When attempting to start Galaxy, the following error occurs:
libjemalloc.so.2: cannot allocate memory in static TLS block
This error leads to the failure of Galaxy’s job handler process and other components. This issue seems to be related to thread-local storage (TLS) allocation when using jemalloc for memory management.
Steps to Reproduce:
Set up a Galaxy instance with the default configuration.
Ensure that jemalloc is either explicitly loaded via LD_PRELOAD or is part of the system’s default memory allocator.
Start the Galaxy server.
Expected Behavior:
The Galaxy server should start without errors, and the job handler should function correctly.
Actual Behavior:
The server can start. When I created the new job, it would be waiting to run forever.
System Information:
Galaxy Version: 24.1
Operating System: Ubuntu 24.04.1 LTS
Python Version: 3.12
jemalloc Version: 5.3.0-2build1
Kernel Version: 6.8.0-48-generic
Output of ulimit -a:
real-time non-blocking time (microseconds, -R) unlimited
core file size (blocks, -c) 0
data seg size (kbytes, -d) unlimited
scheduling priority (-e) 0
file size (blocks, -f) unlimited
pending signals (-i) 1030836
max locked memory (kbytes, -l) unlimited
max memory size (kbytes, -m) unlimited
open files (-n) 1024
pipe size (512 bytes, -p) 8
POSIX message queues (bytes, -q) 819200
real-time priority (-r) 0
stack size (kbytes, -s) 8192
cpu time (seconds, -t) unlimited
max user processes (-u) 1030836
virtual memory (kbytes, -v) unlimited
file locks (-x) unlimited
Logs:
The relevant portion of the Galaxy log:
Traceback (most recent call last):
File "/mnt/md0/apps/galaxy/./lib/galaxy/main.py", line 266, in <module>
main()
File "/mnt/md0/apps/galaxy/./lib/galaxy/main.py", line 262, in main
func(args, log)
File "/mnt/md0/apps/galaxy/./lib/galaxy/main.py", line 119, in app_loop
galaxy_app = load_galaxy_app(
File "/mnt/md0/apps/galaxy/./lib/galaxy/main.py", line 95, in load_galaxy_app
app = UniverseApplication(global_conf=config_builder.global_conf(), attach_to_pools=attach_to_pools, **kwds)

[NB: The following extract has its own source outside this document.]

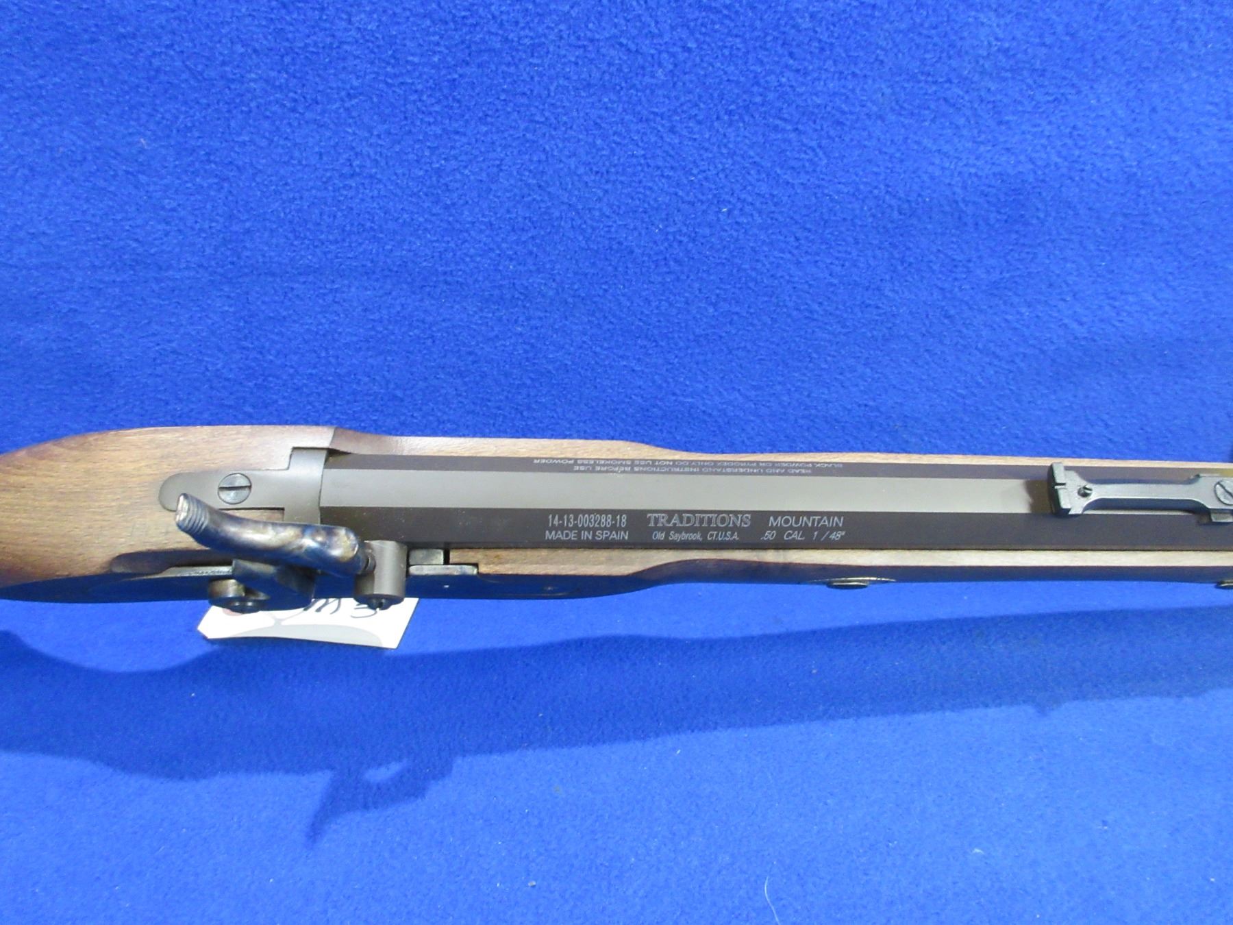 Non-Restricted - Traditions Mountain in 50 Cal. - This muzzleloading percussion cap rifle appears to be in very good working order. Black powder only. Octagon barrel is 31", case hardened action very good, has double set triggers, rifling is appears good, browning is very good, has both sights, stock is good to very good with minor scratch on the forearm, crescent butt plate good with a minor scratch, patch box is good. Ser # 14-13-003288-18

File "/mnt/md0/apps/galaxy/lib/galaxy/app.py", line 826, in __init__
self.application_stack.register_postfork_function(self.job_manager.start)
File "/mnt/md0/apps/galaxy/lib/galaxy/web_stack/__init__.py", line 48, in register_postfork_function
f(*args, **kwargs)
File "/mnt/md0/apps/galaxy/lib/galaxy/jobs/manager.py", line 41, in start
self.job_handler = handler.JobHandler(self.app)
File "/mnt/md0/apps/galaxy/lib/galaxy/jobs/handler.py", line 94, in __init__
self.dispatcher = DefaultJobDispatcher(app)
File "/mnt/md0/apps/galaxy/lib/galaxy/jobs/handler.py", line 1191, in __init__
self.job_runners = self.app.job_config.get_job_runner_plugins(self.app.config.server_name)
File "/mnt/md0/apps/galaxy/lib/galaxy/jobs/__init__.py", line 898, in get_job_runner_plugins
rval[id] = runner_class(
File "/mnt/md0/apps/galaxy/lib/galaxy/jobs/runners/drmaa.py", line 70, in __init__
drmaa = __import__("drmaa")
File "/mnt/md0/apps/galaxy/.venv/lib/python3.12/site-packages/drmaa/__init__.py", line 65, in <module>
from .session import JobInfo, JobTemplate, Session
File "/mnt/md0/apps/galaxy/.venv/lib/python3.12/site-packages/drmaa/session.py", line 39, in <module>
from drmaa.helpers import (adapt_rusage, Attribute, attribute_names_iterator,
File "/mnt/md0/apps/galaxy/.venv/lib/python3.12/site-packages/drmaa/helpers.py", line 36, in <module>
from drmaa.wrappers import (drmaa_attr_names_t, drmaa_attr_values_t,
File "/mnt/md0/apps/galaxy/.venv/lib/python3.12/site-packages/drmaa/wrappers.py", line 56, in <module>
_lib = CDLL(libpath, mode=RTLD_GLOBAL)
File "/mnt/md0/apps/galaxy/.venv/lib/python3.12/site-packages/pylibmagic/__init__.py", line 92, in __magic_init__
self.__init_orig__(
File "/usr/lib/python3.12/ctypes/__init__.py", line 379, in __init__
self._handle = _dlopen(self._name, mode)
OSError: /lib/x86_64-linux-gnu/libjemalloc.so.2: cannot allocate memory in static TLS block
2024-11-12 14:16:40,990 WARN exited: sge_handler (exit status 1; not expected)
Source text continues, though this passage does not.